When I was a junior in college I took a literature course on John Milton. The professor had us read two texts: Paradise Lost and Samson Agonistes. Hopefully I’m not Satan, but “paradise lost” resonates with me deeply.  In Milton’s hands, Samson, blinded and imprisoned by the Philistines, sought God’s guidance desperately in the darkness of his circumstances. Similarly, I agonize over the meaningless and despair that envelope me. Like Milton’s Samson, I'm a blind man in a Greek tragedy trying to unloosen his chains.

Let us finish this pathetic soliloquy of my own with Albrecht Dürer’s 1514 engraving pictured at the top. Hands down, Dürer is my favorite artist of all time. Perhaps that’s not a revelation coming from someone who’s spent years studying the German Renaissance. I’ve visited his house in Nuremberg and have a dozen mongraphs about his life and work sitting on my bookshelf. I’ve always found the iconography of Melencolia I particularly intriguing. Art critics have debated the exact meaning of the winged Melancholia and the other objects in the scene.
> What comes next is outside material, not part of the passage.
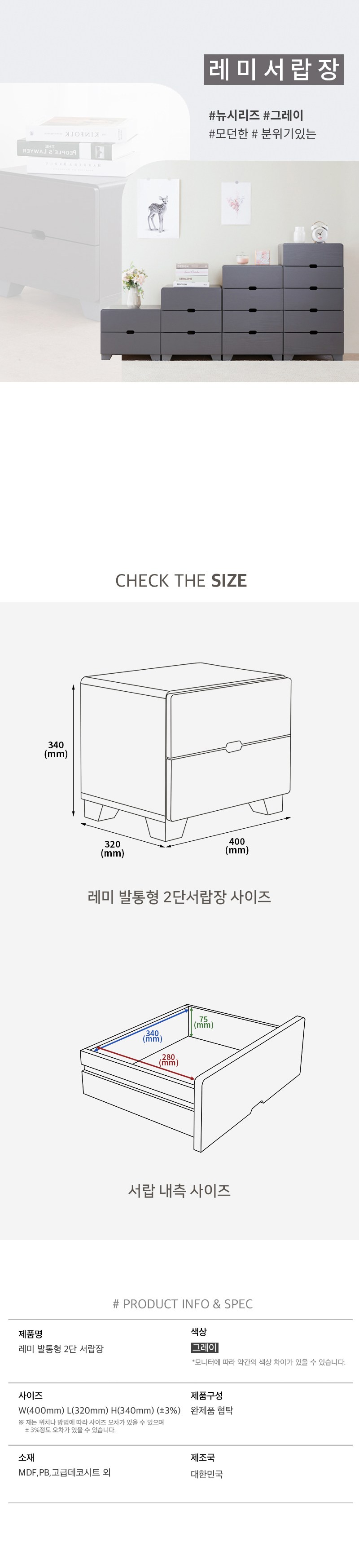 필수 표기정보 품명 컬러스토리 서랍장 600(4단)_그레이 KC 인증 필 유무 알 수 없음(업체 미제공) 색상 그레이 구성품 본품 1개, 벽고정 안전고리 1개, 나사 1개 주요…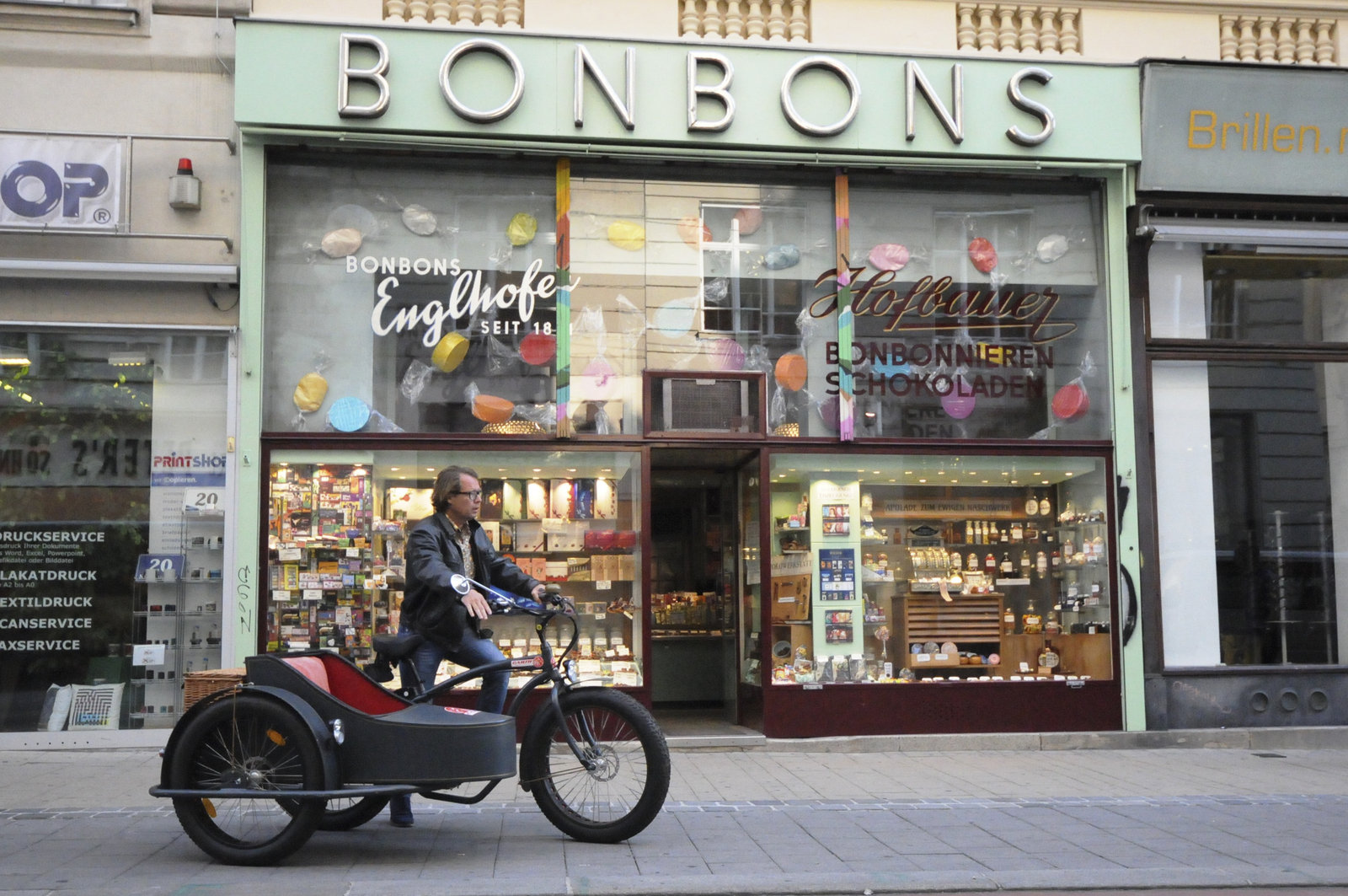 Alte Liebe rostet nichtRoland David mit EBike vor dem Geschaeft Bonbons in Wien, Oesterreich fuer ServusTV's "Heimatleuchten - Alte Liebe rostet nicht".Bild: © ServusTV

It’s likely, though, that Dürer wanted to convey the melancholy that results when human ingenuity and creativity, when our efforts to explore the mysteries of the universe, are stifled by our intellectual insufficiency and the constraints of time. Dürer is working with certain motifs of his era. The theory of the temperaments, based upon a pseudo-medical theory stemming back to Galen, is at work here, as is the purported astrological influence of Saturn.I don’t purport to know exactly what’s going on in the picture, but I’ve certainly consulted the many art historians who’ve weighed in on it, Erwin Panofsky above all. The disconsolate figure of Melancholia sits wide-eyed amidst objects of science lying about in disarray around her.  In the background looms an unexplored universe beyond the horizon. So many questions and so little time inevitably lead one to melancholy

Agnosticism is not a comfortable place for me. Who can blame anyone—theists and atheists alike—for trying to affirm anything about life’s meaning? It’s the source of my melancholy. I don’t suffer from a lack of serotonin, nor do I need cognitive behavioral therapy. Alas! Not knowing whether there’s a purpose to it all and realizing that time is running out is an ailment of the soul that no anti-depressant could ever alleviate.